What were they trying to tell me? I wondered. Something out of the ordinary was going on here! There leaped into my mind ghosts, witches, demons, and who knows what else. Oh, what a blockhead I am, I thought, standing there like a bump on a log. I should show the horse the whip and make tracks for home!
But against my will, as bad luck would have it, out of my mouth came: “Climb into the wagon!”
My new friends jumped right on—they didn’t wait to be asked twice. I turned the wagon around, cracked the whip—one two three, giddyap!
Nothing doing! We weren’t going anywhere. The horse wouldn’t budge from the spot, even if you cut him in half. Nu, now I understood what women could do. What had made me stop in the middle of nowhere to carry on a conversation with women? Just picture it—the woods on all sides, the stillness and gloom, night falling, and then these two creatures approaching, women. The imagination could really play tricks on a person. I recalled the story of a coachman who was once riding through the woods all alone when he saw a sack of oats lying on the road. He didn’t waste any time—he quickly got off the wagon, hoisted the heavy sack onto his back with great effort, loaded it onto his wagon, and continued on his way. He drove for about a verst, then turned around to look at the sack. It was gone—no more oats. Instead a goat with a little beard was lying in the wagon. He tried to touch her with his hand, but she stuck out her long tongue at him, let out a weird, wild laugh, and vanished.
“Why aren’t we moving?” the women said to me.
“Why aren’t we moving? Don’t you see?” I said. “The horse won’t cooperate. He’s not in the mood.”
“Show him your whip,” they suggested. “You have a whip.”
“I thank you for your advice,” I said. “It’s a good thing you reminded me. But my boy here isn’t frightened of a whip. He’s as used to it as I am to poverty.” I threw in a little saying to make light of it, but inside I was shaking with frustration.
Why should I bore you? I let out my bitter heart on the poor horse till finally God helped me. The horse decided to move and we were able to continue through the woods.
Oh what a numbskull I was, I thought. I always was a pauper, and I’d always remain a pauper. God had arranged this encounter, something that happens maybe once in a hundred years—and I didn’t settle on a price beforehand. What was I going to get out of it? I was acting according to fairness, decency, righteousness, and law, according to edict, and according to anything I could think of under the sun. But even so, what would have been the harm in earning a little something while I was at it? I should pull up the horse, idiot that I was, and tell them what was what. I should say, “If I am paid so much and so much, all right, and if not, I beg you, if you don’t mind, please get out of the wagon!” But then I saw that I was being an ass. It’s not a good idea to sell the bear’s hide till you’ve caught the bear! I’d wait till we got there.
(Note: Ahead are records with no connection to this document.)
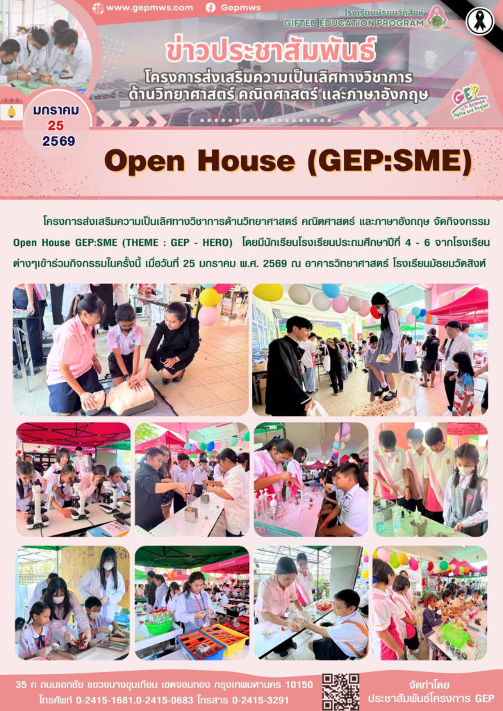 โครงการส่งเสริมความเป็นเลิศทางวิชาการด้านวิทยาศาสตร์ คณิตศาสตร์ และภาษาอังกฤษ จัดกิจจกรรม Open House GEP:SME (THEME : GEP – HERO) โดยมีนักเรียนโรงเรียนประถมศึกษาปีที่ 4 – 6 จากโรงเรียนต่างๆเข้าร่วมกิจกรรมในครั้งนี้ เมื่อวันที่ 25 มกราคม พ.ศ. 2569 ณ อาคารวิทยาศาสตร์ โรงเรียนมัธยมวัดสิงห์
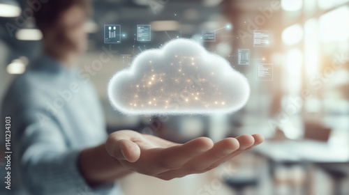 Holographic Cloud Storage Concept with Business Professional and Floating Digital Cloud
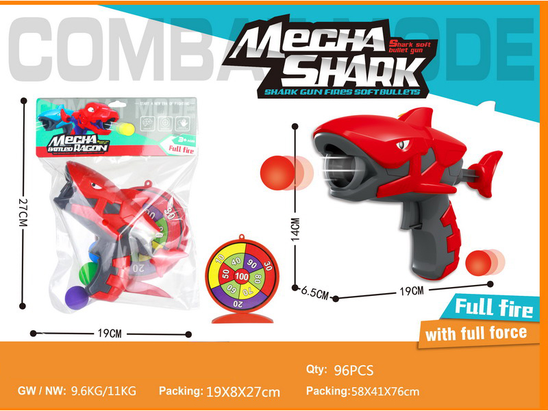 产品名称:(订卡头)鲨鱼软弹枪+标靶 (配3个EVA软弹球)

“Why aren’t you going a little faster?” The women were poking me from behind.
“What’s the rush? Haste makes waste.” I glanced at them out of the corner of my eye. They were ordinary women, one wearing a silk head scarf, the other a wig.
They looked at each other, whispering together. “Is it still far to go?” they asked me.
“As close,” said I, “as from here to there. Soon we’ll be going down a hill and then up a hill. After that, again down a hill and again up a hill, and then comes the really big hill, and from there on the road is straight ahead to Boiberik.”
“What a shlimazel!” one of them exclaimed.
“It’ll take us forever!” said the other.
“It’s the last straw!”
“Strikes me he’s a bit crazy!”
She could say that again, I thought. I had to be crazy to let myself be led around by the nose!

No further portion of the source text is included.